July 1, 2021 2 min read

Getting Started with Apache Spark 3.0 in Azure Synapse Analytics

Introduction

Azure Synapse Analytics has upgraded its Apache Spark pools to support Spark 3.0, bringing significant performance improvements and new features to your big data workloads. This release includes Adaptive Query Execution, dynamic partition pruning, and improved pandas API support.

In this post, we will explore how to leverage Spark 3.0 features in Azure Synapse Analytics for your data engineering and data science workloads.

Setting Up a Spark 3.0 Pool

First, let us create a new Spark pool with version 3.0 in Azure Synapse:

# Using Azure CLI to create a Spark pool
az synapse spark pool create \
    --name spark30pool \
    --workspace-name mysynapseworkspace \
    --resource-group myresourcegroup \
    --spark-version 3.0 \
    --node-count 3 \
    --node-size Medium \
    --enable-auto-pause true \
    --delay 15

Adaptive Query Execution (AQE)

One of the most significant improvements in Spark 3.0 is Adaptive Query Execution. AQE optimizes query plans at runtime based on actual data statistics:

from pyspark.sql import SparkSession

# AQE is enabled by default in Spark 3.0
spark.conf.set("spark.sql.adaptive.enabled", "true")
spark.conf.set("spark.sql.adaptive.coalescePartitions.enabled", "true")
spark.conf.set("spark.sql.adaptive.skewJoin.enabled", "true")

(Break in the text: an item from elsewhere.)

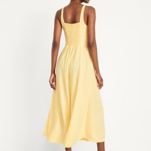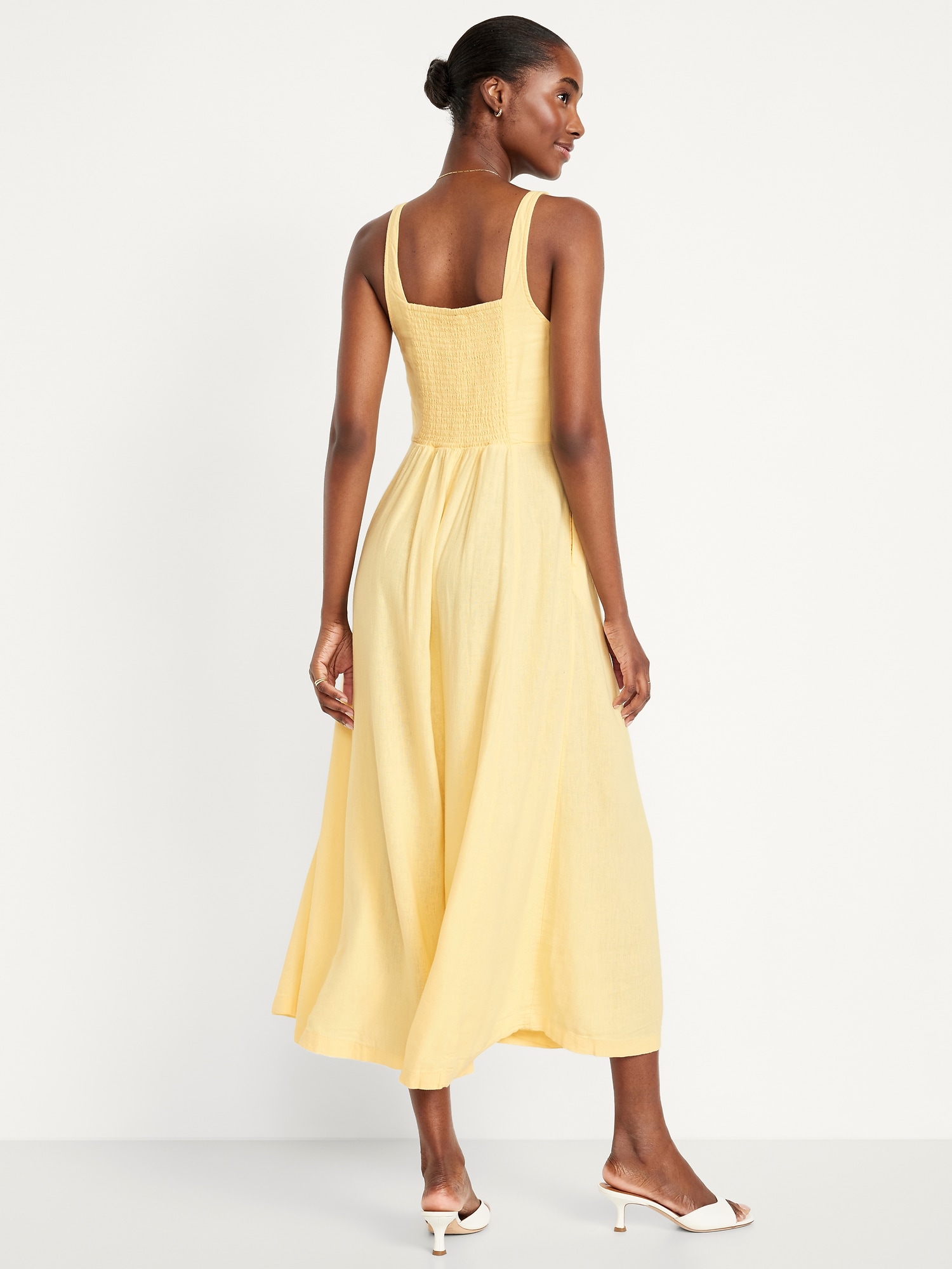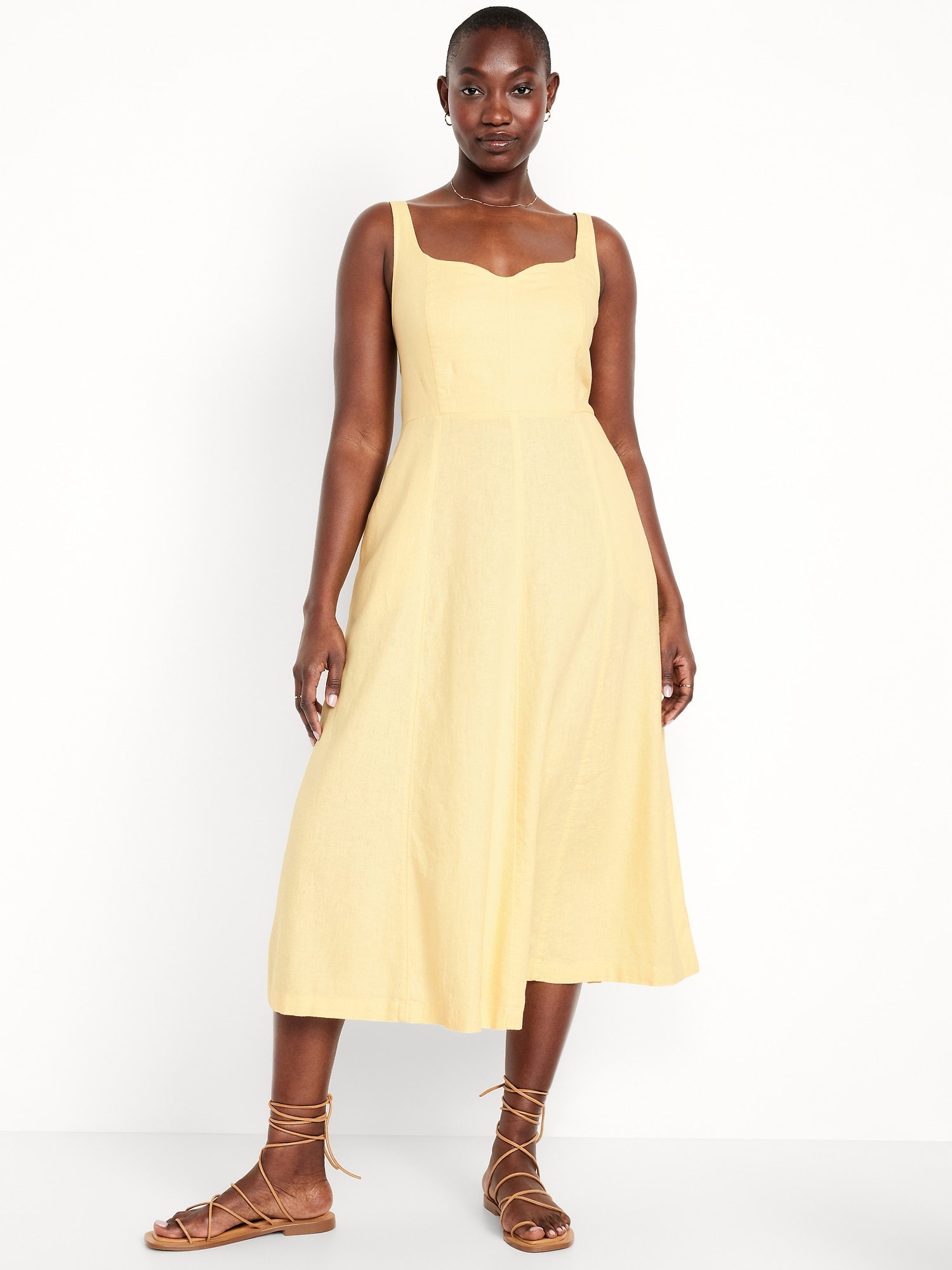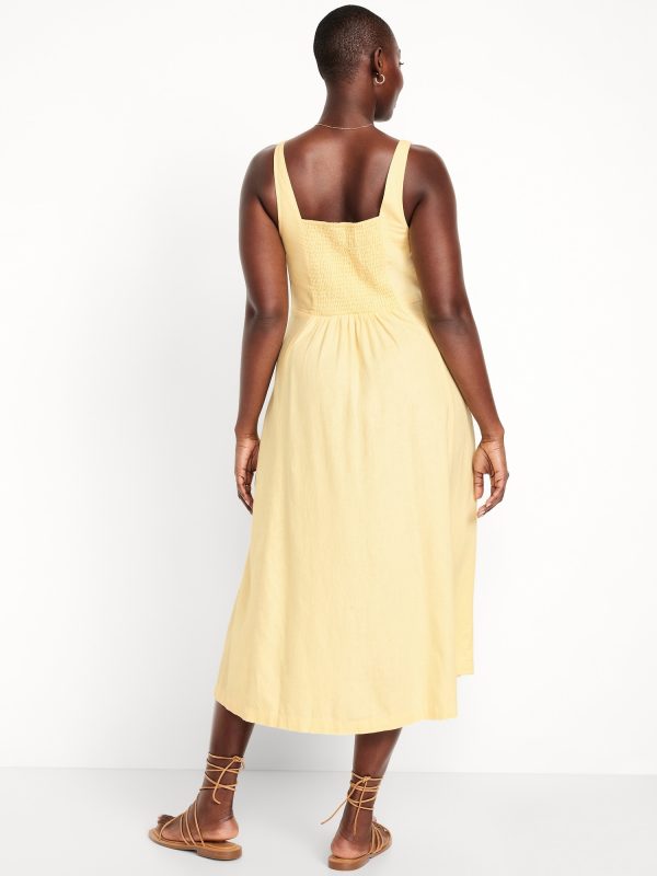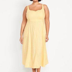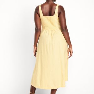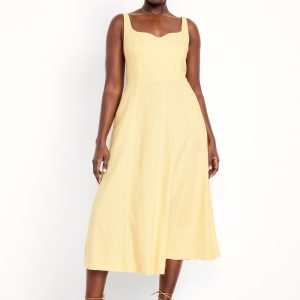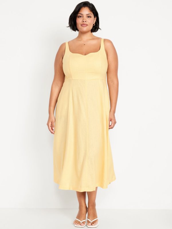Fit & Flare Sleeveless Linen-Blend Midi Dress

# Read data from Azure Data Lake
df = spark.read.parquet("abfss://container@storage.dfs.core.windows.net/data/")

# This join will benefit from AQE's skew handling
result = df.join(large_dimension_df, "key_column")

# AQE will automatically optimize partition sizes
result.write.parquet("abfss://container@storage.dfs.core.windows.net/output/")

Dynamic Partition Pruning

Dynamic partition pruning significantly improves query performance when joining a partitioned table with another table:

# Create a partitioned table
spark.sql("""
    CREATE TABLE sales_data (
        product_id STRING,
        quantity INT,
        price DECIMAL(10,2),
        sale_date DATE
    )
    USING DELTA
    PARTITIONED BY (sale_date)
    LOCATION 'abfss://container@storage.dfs.core.windows.net/sales/'
""")

# Dynamic partition pruning kicks in automatically
filtered_sales = spark.sql("""
    SELECT s.product_id, s.quantity, s.price, p.product_name
    FROM sales_data s
    JOIN products p ON s.product_id = p.product_id
    WHERE p.category = 'Electronics'
    AND s.sale_date BETWEEN '2021-01-01' AND '2021-06-30'
""")

Improved Pandas API with PyArrow

Spark 3.0 brings better pandas integration through PyArrow:

import pandas as pd
from pyspark.sql.functions import pandas_udf
from pyspark.sql.types import DoubleType

# Enable PyArrow optimization
spark.conf.set("spark.sql.execution.arrow.pyspark.enabled", "true")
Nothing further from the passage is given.